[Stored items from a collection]
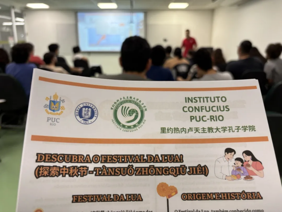 活动在热情洋溢的开场致辞中拉开帷幕。数学所学术协调员娜拉·博布科女士回顾了今年六月“端午节”文化活动的精彩内容,并鼓励大家以中文为桥梁,深入探索中华文化的博大精深,引发了在场观众的强烈共鸣。 随后,孔院段老师系统介绍了中国国庆节的历史渊源与当代庆祝方式,并与巴西国庆节进行对比,激发学生们积极分享观点与见解。在中秋文化介绍环节,孔院自制的短片《中秋节》通过唯美画面与深情讲述,将“嫦娥奔月”的古老传说、月饼的文化寓意以及团圆佳节的情感内涵娓娓道来,令巴西师生沉浸其中。
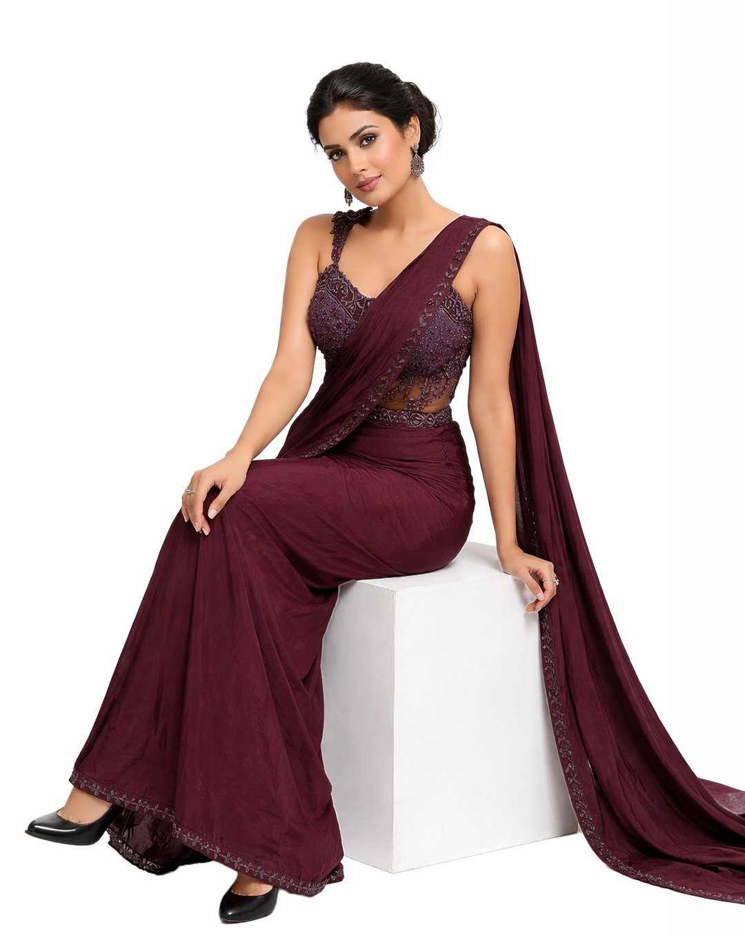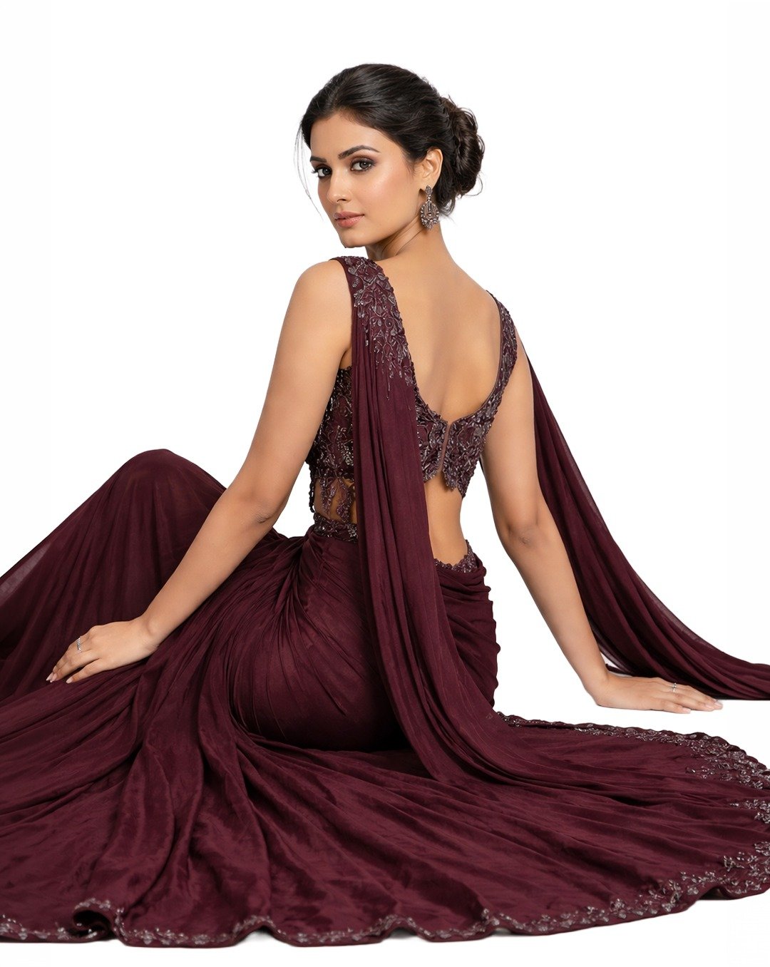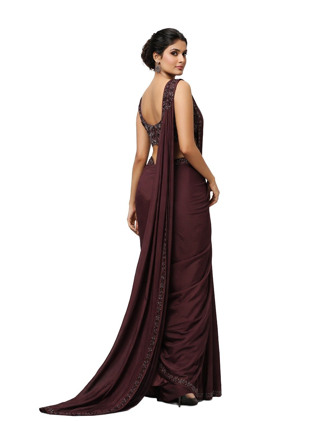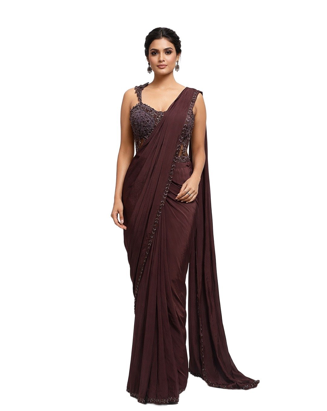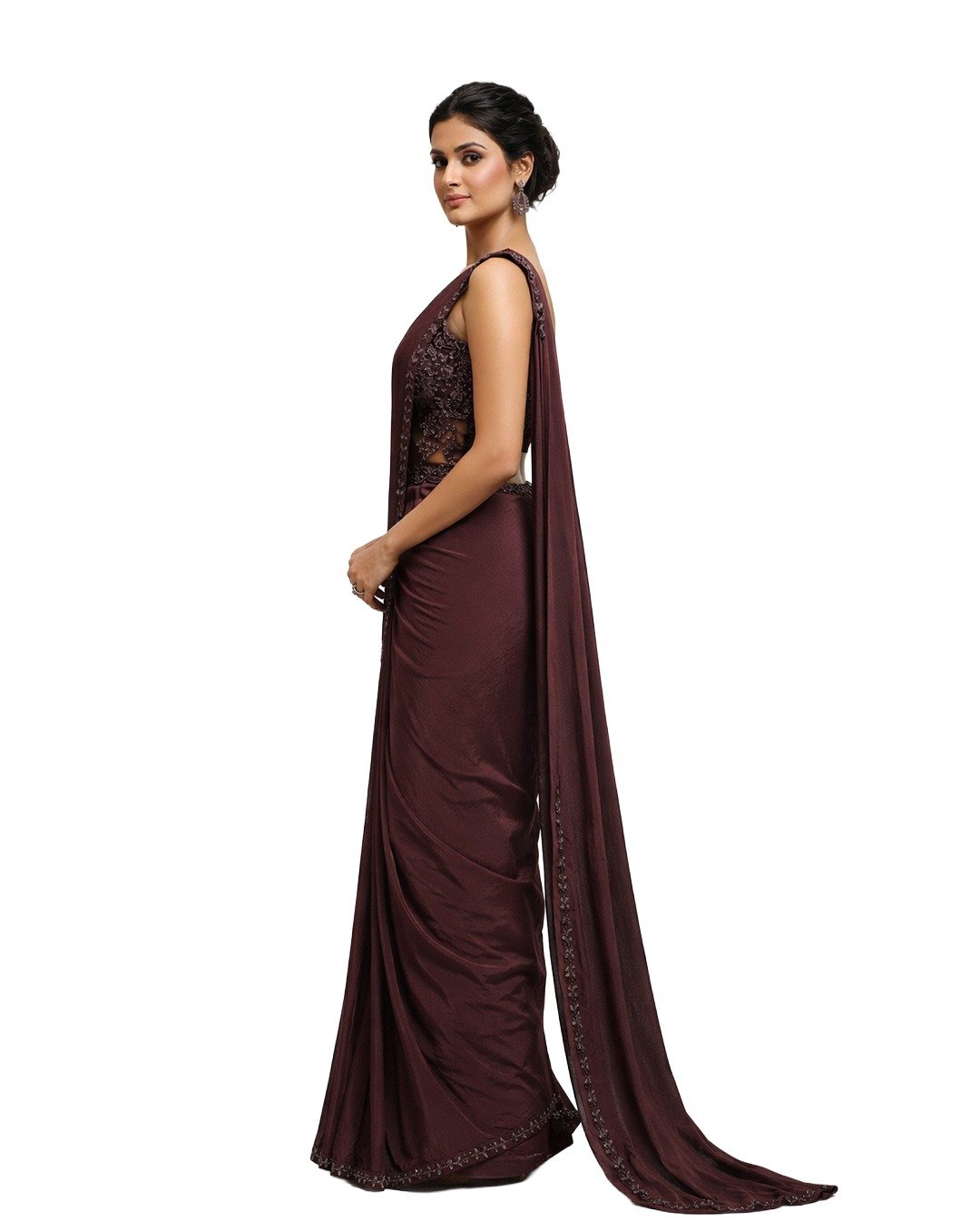 Brown outfit featuring Naksi and pearl work, showcasing rich texture, intricate detailing, elegant craftsmanship, and a refined, sophisticated festive statement look.
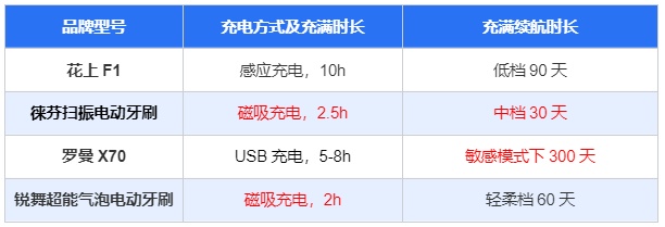 花上采用的是感应充电,充满电需要10小时,平时忘性大的话建议准备个备用牙刷。罗曼充电也偏长,充满后敏感模式下可以用300天,可能会比较适合牙齿敏感人士用,不用频繁充电。
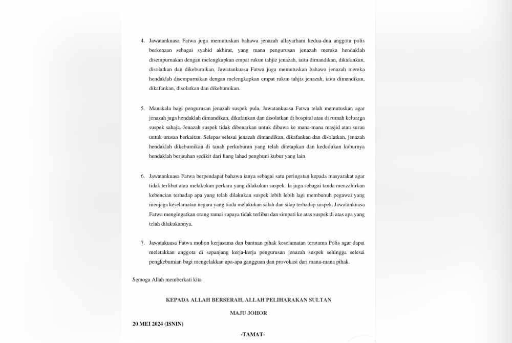"Bagi pengurusan jenazah suspek pula, Jawatankuasa Fatwa telah memutuskan agar jenazah hendaklah dimandikan, dikafankan dan disolatkan di hospital atau di rumah keluarga suspek sahaja.
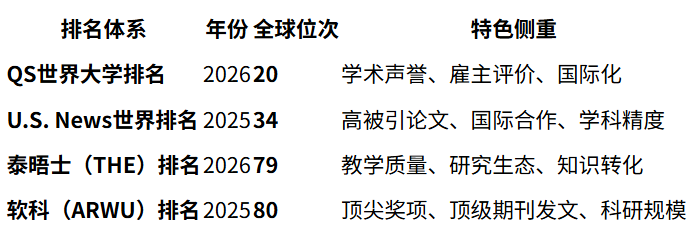 - 软科(ARWU):第80名(聚焦硬核学术产出)
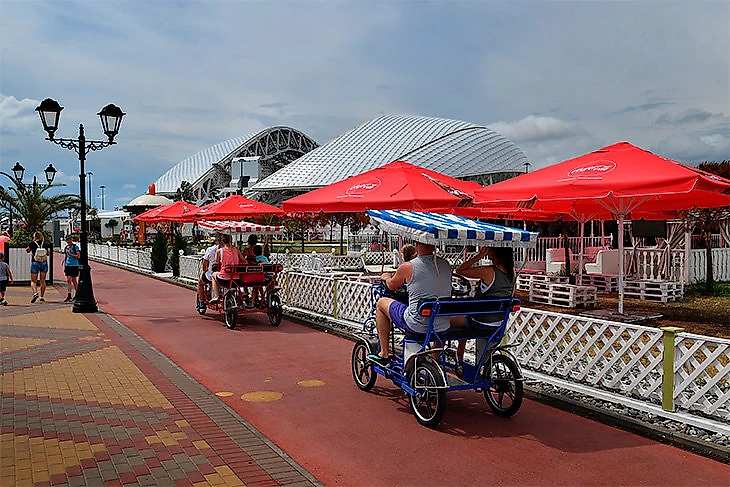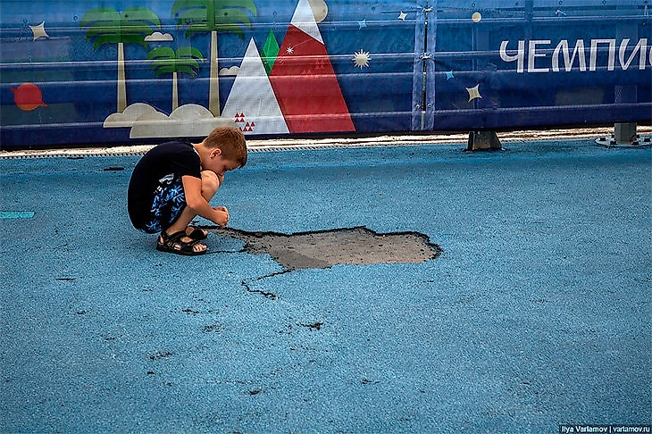 Посмотри на Сочи. Ну это ужасно. Они заполонили весь парк электромашинками, потому что там даже ходить нельзя. Велосипеды, скутеры. Гигантские асфальтовые поля. Ты понимаешь, сколько стоит поддерживать эту гигантскую территорию? А она не приносит ни копейки. Единственное, что можно делать на этих полях, – кататься на самокатах, велосипедах и проводить экскурсии на гольф-карах. При этом все приходит в упадок. Я снимал там во время чемпионата – все разваливается. Покрытия с проплешинами. А прошло четыре года. Пройдет еще пару лет – и все.
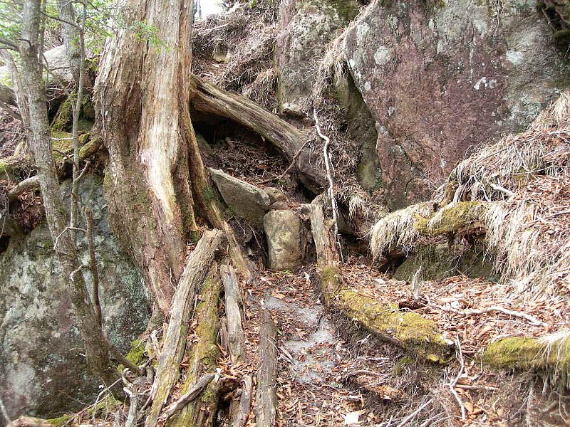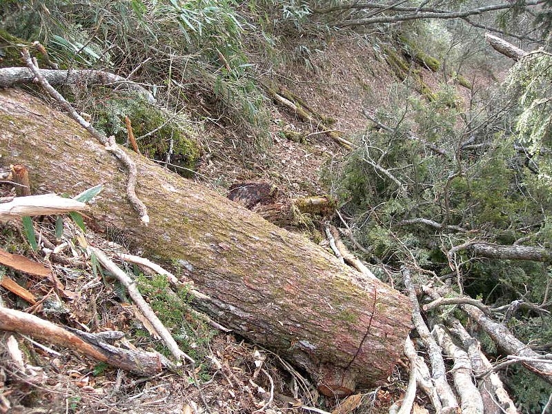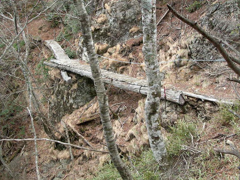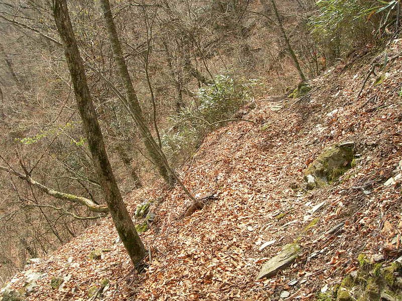 山に入ってまず驚いたのは、道が見えないこと。枯葉が踏まれて色が変わった道筋が、何となくうっすらと見えるだけです。幅も30cmあるかないか。しかも道が傾いている上に、かなりの急勾配です。うっかり足を滑らせたら、谷底までノンストップで滑り落ちそうです。実は、高尾山の2~3倍程度、よくて5倍程度のきつさかと思っていました。なめてました。猛省です。高尾山と比べられるものではありませんでした。イヤーな予感は的中でした。崩れた岩や木で道がふさがれている所や崖にかかった木橋、雪が残る箇所などリスキーな場面が多々あります。一番危険だったのは、道を間違えてしまった時でした。本来右に曲がらなければいけないところを、誤って直進してしまったのです。その時は、幸運なことに荷物運びのボッカさんに「そっちじゃないよ」と後ろから声をかけられて助かりました。あの時ボッカさんがいなかったら・・・と考えると、本当に怖いです。
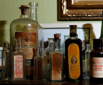 A collection of antique medicine bottles, come containing ingredients such as opium and cannabis that were later outlawed (Reed Saxon/AP)

• **Work task**: Keep the pictures out and repeat exactly the lines from the beginning of the data through the line that contains "Brown outfit featuring", both ends included.

• **Response**:
 活动在热情洋溢的开场致辞中拉开帷幕。数学所学术协调员娜拉·博布科女士回顾了今年六月“端午节”文化活动的精彩内容,并鼓励大家以中文为桥梁,深入探索中华文化的博大精深,引发了在场观众的强烈共鸣。 随后,孔院段老师系统介绍了中国国庆节的历史渊源与当代庆祝方式,并与巴西国庆节进行对比,激发学生们积极分享观点与见解。在中秋文化介绍环节,孔院自制的短片《中秋节》通过唯美画面与深情讲述,将“嫦娥奔月”的古老传说、月饼的文化寓意以及团圆佳节的情感内涵娓娓道来,令巴西师生沉浸其中。
 Brown outfit featuring Naksi and pearl work, showcasing rich texture, intricate detailing, elegant craftsmanship, and a refined, sophisticated festive statement look.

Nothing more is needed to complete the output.